Да, у меня отец есть, хотя лучше не было бы. И матери тоже лучше бы не было. Мой отец все пьет, а она его то ругает последними словами, то упрашивает. А сама издерганная вся, как собака цепная, орет с ровного места. Его мать тоже, впрочем, орет еще хуже. И только он со мной идти гулять собирался, так у нее сердечный приступ начинается. Падает и синеет вся.
Он к отцу ехать в город хотел, учиться. Я с ним хотела. Бабушка его говорила: «вы — птицы высокого полета». Она из образованных тоже, в деревню случайно попала, по распределению. Должна была библиотекарем стать, да не срослось у нас. Какая нам библиотека, у нас и читать-то половина народу по слогам только умеет. Да, бабушка у него образованная, про город мне рассказывала, про университет. Книжек у нее много под кроватью в ящиках, я все прочла. Подолгу у них бывала, и парень мой читать любил. Мы с ним вместе уйти хотели. А мать его — ни в какую. Сама не училась, и ему теперь не дает. В город только через мой труп, говорит.
А у них сарайчик есть, сеновал типа. И вот мы там с ним. Когда моя мать орет и его, только одно и оставалось. Туда пойти и хоть пообжиматься всласть. Он когда меня трогал всяко, я забывала обо всем, что дома и вообще. А сегодня вдруг его мать узнала как-то, к моей прибежала. Орала страшно, говорит, оторва твоя моего сына отнять хочет. А сыну-то уже двадцать с хвостиком.
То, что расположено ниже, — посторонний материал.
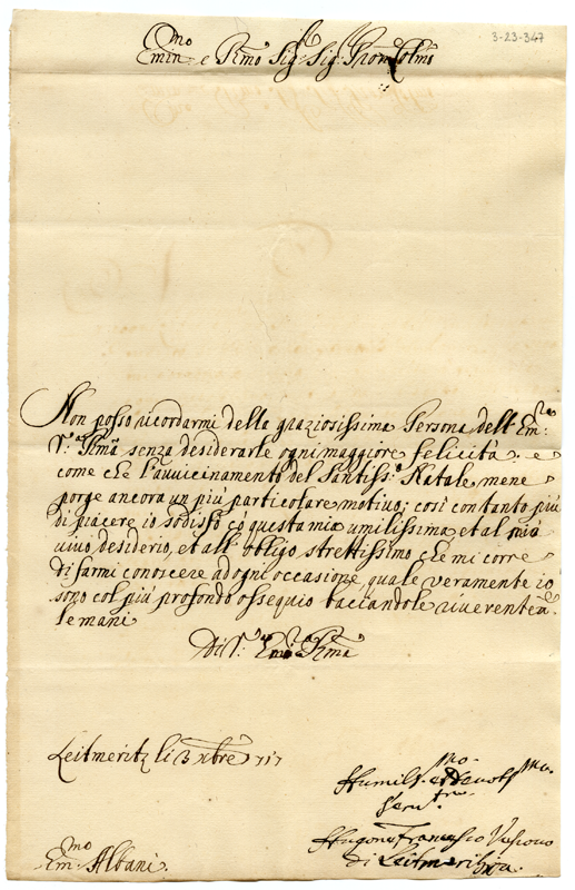 Lettera di Hugone Francesco vescovo di Leitmeritz al cardinale Annibale Albani (1717 dicembre 3)

Она орет, моя мать орет, бить меня принялась на улице прямо, а этот хорош: стоит и слова выдавить не может.
Я давно уже поняла, что бесхребетный он. Так всю жизнь около матери и просидит. Бабушка его тоже на него злиться начала под конец. «Моя жизнь кончена», — говорила, — так хоть ты».
А он тоже еще курить начал, как мать. Она хотела, чтобы он курил, типа мужик. Я его отучить пыталась, он чуть-чуть не курит, а потом как с ней поцапается, так и дымить начинает. А я это дело не выношу просто. Так полгода прошло. Я поняла, что ждать уже нечего. А тут вот этот скандал на всю деревню. И теперь я… это… ну, опозорена, типа. Мать так сказала. Он не женится на мне, а даже если и женится, то зачем он мне такой? Чуть что — и к матери под юбку. А учиться мне сказал, не надо. Куда ты в город поедешь? Ты и здесь-то заблудишься. Хочешь учиться — иди на кухню учись. Это мать его так говорит, и он так же.
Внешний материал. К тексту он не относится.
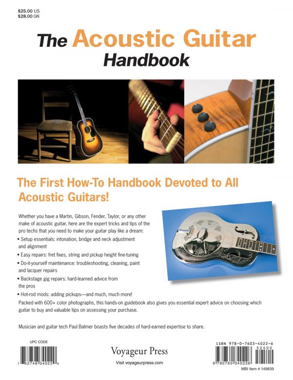 This is the first hands-on how-to manual devoted to acoustic guitars. This guidebook shows owners and dreamers the basics of selecting and buying acoustic guitars; performing maintenance and repairs like tuning, setting intonation, doing fret repairs, adjusting bridges and nuts, and troubleshooting; doing spur-of-the-moment stage-side fixes; and adding some basic “performance” enhancements like aftermarket pickups and more.

Ну вот, я и ушла. Убежала, то есть. Не знаю, куда теперь. И кто я теперь. Ничего не хочу и не помню.
Говорила она это или ему приснилось? Или ей приснилось, что она говорила? Только утром над Озером висела серая дымка, а лес был как после урагана. Деревья были изломаны, те, что помоложе, вырваны с корнем. Казалось, толпа великанов всю ночь топтала землю и выкорчевывала деревья, а потом швыряла их во все стороны. Доктор и его случайная гостья искали тропу к деревне. Только непосильной оказалась задача. Бурелом лежал просто непролазными кучами. Тропа упиралась в ощетинившуюся груду ветвей и стволов, возвышавшуюся метра на три над землей. Вокруг лес стоял стеной. А вдоль Озера — болото, там не пройти. Не вплавь же теперь выбираться отсюда?
А почему бы и нет? Лодка есть.
Что? И ты молчал всю дорогу? Вот ведь, а я уж испугалась насмерть.
А чего испугалась-то? Ты, кажется, сюда только и хотела.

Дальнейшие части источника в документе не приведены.